Collected data Start Marker
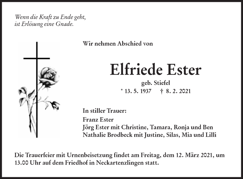 Hier finden Sie alle Traueranzeigen aus der Zeitung, die bisher für Elfriede Ester erschienen sind. Weitere Traueranzeigen, die in der Zeitung erscheinen, werden hier ebenfalls aufgelistet
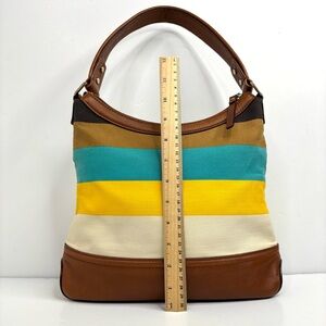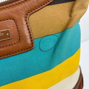 Description: Vintage, hard to find, Kate Spade spring / summer yellow, teal, cream, tan, black & brown striped hobo shoulder bag
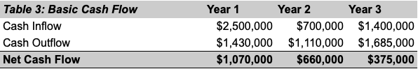 In this case, we’ll assume OceanFlow follows a three-year progression:
Collected data End Marker
An exact reproduction of the material above is needed, without its pictures.

 Hier finden Sie alle Traueranzeigen aus der Zeitung, die bisher für Elfriede Ester erschienen sind. Weitere Traueranzeigen, die in der Zeitung erscheinen, werden hier ebenfalls aufgelistet
 Description: Vintage, hard to find, Kate Spade spring / summer yellow, teal, cream, tan, black & brown striped hobo shoulder bag
 In this case, we’ll assume OceanFlow follows a three-year progression:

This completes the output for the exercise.